Een ander resultaat is dat we vanuit GGD Hollands Midden een gestructureerde, motiverende gespreksmethode hebben ontwikkeld: Gezamenlijk Inschatten van Zorgbehoeften. Onder meer letterlijk een placemat met daarop de thema’s die – ook volgens henzelf – spelen in het leven van ouders en kinderen (0-18 jaar), als uitgangspunt voor het gesprek met de jeugdarts of jeugdverpleegkundige. Zo krijg je beter in kaart waaraan de cliënt behoefte heeft, dat werkt bewezen motiverend.

Verder krijg je een vollediger beeld van wat er speelt dan – even zwartwit – alleen het bespreken van het gewicht en de lengte van een kind. De gesprekken leiden tot meer tevredenheid bij ouders en professionals, het ondersteunt bovendien eenheid van taalgebruik én de wens ontstond om de placemat te digitaliseren. Dat leidde weer tot een breed inzetbare app, eveneens geschikt voor bijvoorbeeld de kraamzorg en jeugdzorg.’

Heeft het jou als mens of professional veranderd?

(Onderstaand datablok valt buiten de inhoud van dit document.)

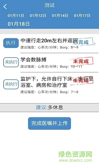 【执行医嘱】 针对医生制定的I期康复方案,可连续设置七日执行计划,严格依照医嘱落实并做好相关记录。

‘Ik heb een beter beeld gekregen van hoe de gemeente werkt, hoe belangrijk het is dat iedereen dezelfde woorden of taal gebruikt en dat het soms ingewikkeld kan zijn om ervaringsdeskundigen zinvol te betrekken – door hun situatie is het soms lastig om overstijgend te kijken naar wat goede zorg is. De boosheid en frustratie van sommige patiënten leerde mij overigens ook hoe diep de pijn zit over hoe de hulpverlening soms verloopt.’

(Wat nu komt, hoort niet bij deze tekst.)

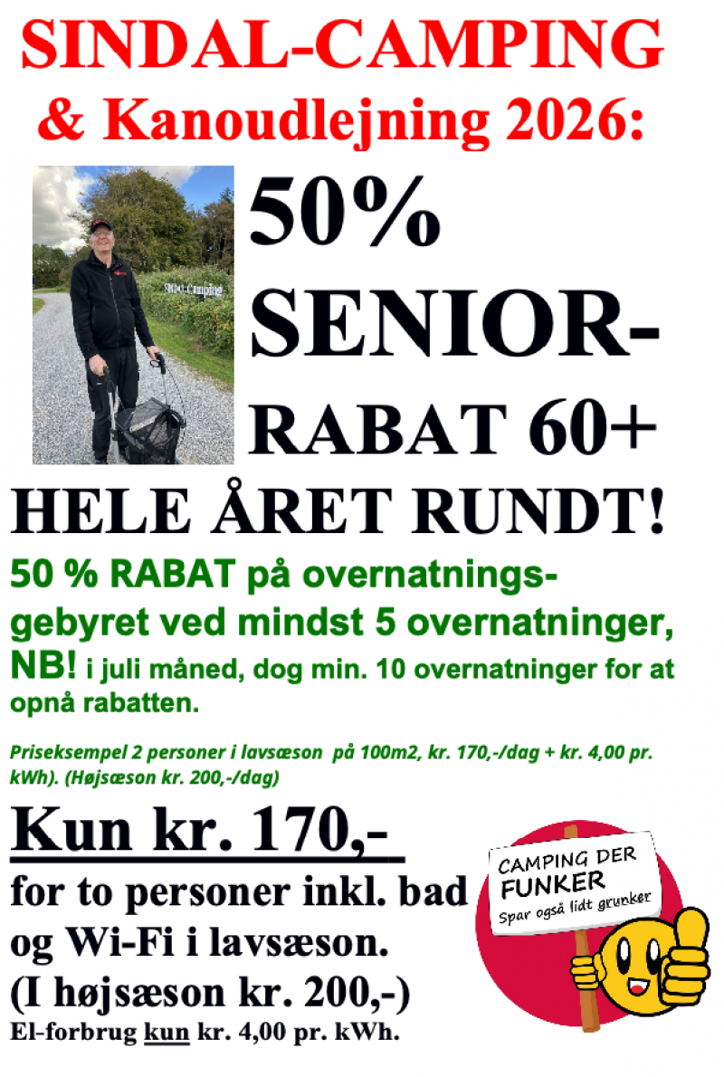 Senior 60+ och pensionärsrabatt på 50% av övernattningsavgiften vid minst 5 dagars vistelse året runt – förutom i juli då minst 10 dagars vistelse krävs.

Wat neem je mee in je huidige functie?

‘Mijn functie houdt al in dat ik meerdere werelden met elkaar verbind: praktijk en beleid rond kindermishandeling. Die helikopterview had en houd ik graag. Ik zou willen dat iedereen in de huid kruipt van de ander, welke functie je ook hebt. Daarom ben ik betrokken bij de landelijke coalitie kansrijke start, waarin professionals, wetenschappers en wethouders samenwerken aan een goede en gezonde eerste duizend dagen van een kind.

De cultuur van willen verbeteren, daarvoor inspiratie zoeken en de passie voelen om daar met elkaar voor te gaan staan – ik wens dat iedereen dat mag ervaren.’